The prime minister gave Jerusalem an odd gift on its holiday: A construction freeze. On the 46th anniversary of the city's liberation by a Labor government, a Likud government is freezing it. Levi Eshkol liberated, Benjamin Netanyahu is freezing. He hardly built any homes in Jerusalem during his previous term, and now he is not building any at all. The new housing minister revealed this week that he is not being authorized to add even one apartment to the capital. The prime minister summoned him a few days ago and handed him a freezing order for all construction beyond the Green Line.

 

To his credit, Netanyahu did not attend the Jerusalem Day ceremonies this year, so we were spared the traditional dissonance between his tough talk and lack of action. Praising a united Jerusalem while dividing it is extremely hypocritical. Netanyahu is forbidding Jews from building in Pisgat Ze'ev but does nothing to prevent Arabs from building in Shufat, Beit Hanina and the Temple Mount.

 

Israel's capital can expand only to the east or the north, as the City has run out of land reserves in its western part long ago. It is no coincidence that the most talked about building project in Jerusalem over the past decade has been the Holyland apartment complex. Despite its immense size, the project did not solve the housing shortage in the city or thwart the threats of withdrawal it faces.

 

When Netanyahu froze Jerusalem during his last term, on the occasion of Biden's visit, it caused an uproar in the Right. This week, even the most hardline Likud members did not say a word. News of the construction freeze was received with shrugs or lip biting. The former Likud rebels have become deputy ministers, and the Likudniks have yet to realize that Netanyahu version 2013 is cruising toward the 1967 lines.

 

Today, Netanyahu is closer to Zahava Gal-On than to his old self.
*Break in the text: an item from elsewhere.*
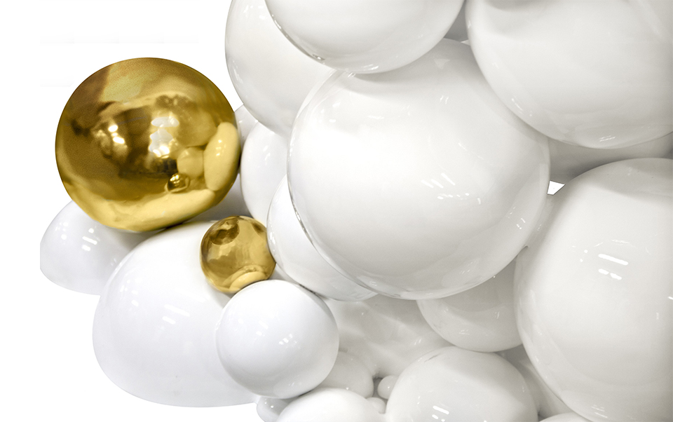 After our recent outstanding moment of inspiration - the creation of Newton dining table - we conceived a console inspired by this exclusive piece of furniture. Once again, we defy the laws of physics and redesigned this monumental console made from aluminum and lacquered in black, with a high gloss varnish. The spheres and semi spheres that complete this futuristic console are gold plated. This intriguing console is ideal for any modern living rooms, bedrooms and hotel lobbies characterized by luxury interior design furnishings.

His diplomatic rhetoric is Tzipi Livni's rhetoric. On Independence Day he delivered a leftist speech to foreign diplomats in which he lauded the tenets of the 1947 Partition Plan (he said something along the lines of 'we said yes to it then, and we say yes to it now').

 

People still suspect, mistakenly, that he is not serious when he makes such statements, but he means what he says. If his party continues to devote itself to denial rather than protest, he may implement his plans as well.